Prägend war Seybolds Begegnung mit dem amerikanischen Filmemacher Emanuel Rund im Jahr 1986: Er realisierte in Deutschland bis 1990 mehrere, von Seybold produzierte Filme über die Judenverfolgung unter Hitler. Vor allem ""Alle Juden raus!" Judenverfolgung in einer deutschen Kleinstadt 1933-1945" (1990) wurde von der Kritik hoch gelobt und erhielt beim Chicago International Film Festival den "Silver Hugo Award". Zugleich entfachten Runds Filme Seybolds eigenes Interesse an der Thematik. Ohne öffentliche Filmförderung realisierte sie " Mut ohne Befehl" (1994), über Widerstandskämpfer in Stuttgart zwischen 1933 und 1945, "Nein! - Zeugen des Widerstandes in München 1933 – 1945" (1998) und "Ludwig Koch - Der mutige Weg eines politischen Menschen" (2000).
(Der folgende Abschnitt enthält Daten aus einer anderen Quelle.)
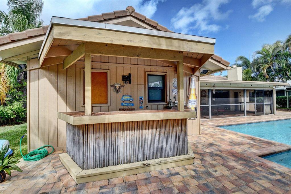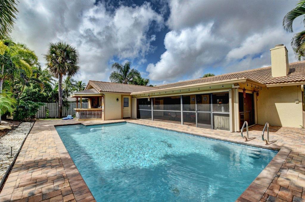 Completely updated, one story home in East Boca Raton! This beautiful home has LG kitchen appliances in 2014, granite counters, and an added patio off the kitchen, perfect for grilling! Open living area with a wood burning fireplace! Large bedrooms, with great storage. Master has a slider to the pool, and a walk in closet with fitted shelving. Impact glass windows throughout, except for back sliders, which have accordian shutters. Screened patio, great for dining, a large pool and yard that includes a tiki hut! This home is great for entertaining! Chicago brick, new landscaping, new pool pump in 2018, and pool was resurfaced in 2012.No HOA, great schools, and close to beaches and 95!
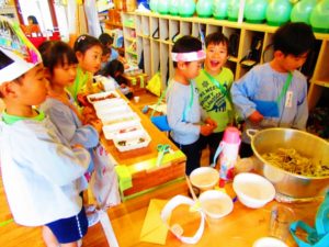 年中組と年長組の誕生会が開かれ、7月8月生まれの友達を祝いしました。

Erst für "Die Widerständigen - Zeugen der Weißen Rose" (2008) erhielt Seybold, die seit 2003 mit dem Filmemacher Thomas Harlan verheiratet war, erstmals staatliche Fördermittel. Aber trotz weitgehend positiver Kritiken wurden die Fördermittel für die geplante Fortsetzung des Projekts verwehrt, dessen Realisierung sich dadurch erheblich verzögerte. Während der Arbeit an "Die Widerständigen 'also machen wir das weiter ...'", über unbekanntere Mitglieder des deutschen Widerstands und der "Weißen Rose", erlag Katrin Seybold am 27. Juli 2012 ihrer seit Jahren andauernden Krebserkrankung. Basierend auf Seybolds umfangreichen Recherchen und gefilmten Interviews wurde der Film schließlich von ihrer Freundin Ula Stöckl vollendet und 2015 im Rahmen der Berlinale uraufgeführt. Im Mai 2015 startete "Die Widerständigen 'also machen wir das weiter ...'" in den Kinos.